Michael Caine

  • Harry Brown (2009)

    Harry Brown (2009)

    (In theatres, June 2010) The best reason to see this art-house exploitation film is to watch Michael Caine, visibly showing his age, reprising some of his stone-cold killer mannerism.  There isn’t anything more about this film, after all, than a revenge fantasy featuring a freshly-widowed pensioner taking revenge on a bunch of teenage hoodlums.  Starting from a paranoid view of the world, Harry Brown doesn’t spare a tut-tut while describing the depravity of today’s youth.  It does get quite a bit more enthusiastic, however, in showing its protagonist use his old Marine training to take down the worst of the local teens.  Caine with a gun is always fun to watch, even though the movie around him remains an uneasy blend of art-house drama and genre shoot’em-up.  The flaccid pacing, sure-footed cinematography and attention paid to Caine’s center-stage performance are more in-line with Oscar-baiting movies than the sudden bloody violence, squalid setting and unintelligibly profane characters.  Like many modern vigilante-justice films, Harry Brown remains stuck between condemning violence and indulging into the sheer thrill of it: Different kinds of viewers will have different ideas as to what are the film’s best sequences.  While the result doesn’t escape a few flaws (including a finale that seems to reach for unnecessary connections between characters), it’s a watchable film that is perhaps most interesting in comparison with other vigilante films, other British crime dramas and other Michael Caine tough guys.

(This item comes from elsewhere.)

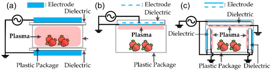 In-package plasma is a type of plasma technology that involves using a plasma source integrated into a packaging material or product [82,83,84,85,86,87,88]. This allows for the inactivation of microorganisms and other pathogens on the product’s surface without additional processing steps. The plasma source used in in-package plasma systems is typically a non-thermal plasma, which means that it operates at relatively low temperatures compared to thermal plasmas. Non-thermal plasma sources can generate a variety of reactive species, such as ozone, hydrogen peroxide, and other radicals, which can effectively inactivate microorganisms on surfaces. The generation method for in-package plasma is usually a dielectric barrier discharge (DBD). The DBD is a form of CCP, and the plasma is generated between two electrodes separated by an insulating (or dielectric) barrier, as shown in Figure 6. The dielectric barrier can stop excessive currents and prevent arc (or spark) formation. The DBD has been widely applied in various fields: ozone generation, ultraviolet (UV) and excimer light sources, polymer surface modification, bio/medical applications, air pollutant cleaning, etc. [3,41,67,68,69,89,90,91,92,93,94,95,96]. Usually, mid-frequency power (typically 10–30 kHz) is used to generate DBD, and DC discharge cannot be applied due to the existence of the dielectric barrier [3,41,67,93]. CF power is also applied to generate DBD plasma, which does not require an impedance-matching network. This simplicity and affordability make DBD systems more practical for industrial applications. DBD devices can be constructed in various configurations, and planar, cylindrical, and surface-discharge type configurations (Figure 6) are widely used.

  • Austin Powers in Goldmember (2002)

    Austin Powers in Goldmember (2002)

    (In theaters, July 2002) As a big fan of the original film’s low-budget spy parody, I was let down by the scatological humor of the sequel and this impression only worsens with this third entry. The jokes become increasingly self-referential, up to a point where there isn’t much here that doesn’t refer to the Austin Powers mythology itself. Spy parody? Forget it! It doesn’t help that the “writer” is working with a palette of roughly five jokes, which are repeated time and time again way beyond the point of diminishing results. What’s worth saving are the first five minutes, which feature a series of celebrity cameos and a high-energy opening sequence. The rest goes downhill fast, even though I think this film is better than the second one if only because the gross-out humor is toned down in comparison. The only latter flashes of humor, though, are a G*dz*ll* reference and a gag on reading white subtitles on white background. (Alas, as with all the other jokes, this last joke is stretched for about a minute more than it ought to be.) On the other hand, it’s still good to see the familiar gang of Powers characters come back. Among the new character, though it’s mixed bag: Michael Caine is particularly good as Nigel Powers. Beyonce Knowles is positively adorable in one scene (in Power’s pad) and simply wasted in the rest of the film; she deserves better material. As for the title character, Goldmember is one of the lamest thing about the film, a character who doesn’t elicit one single laugh. The rest of the film plays as a parade of wasted opportunities; why don’t you go see Undercover Brother for a film that not only does disco-blacksploitation right, but is also considerably funnier to boot?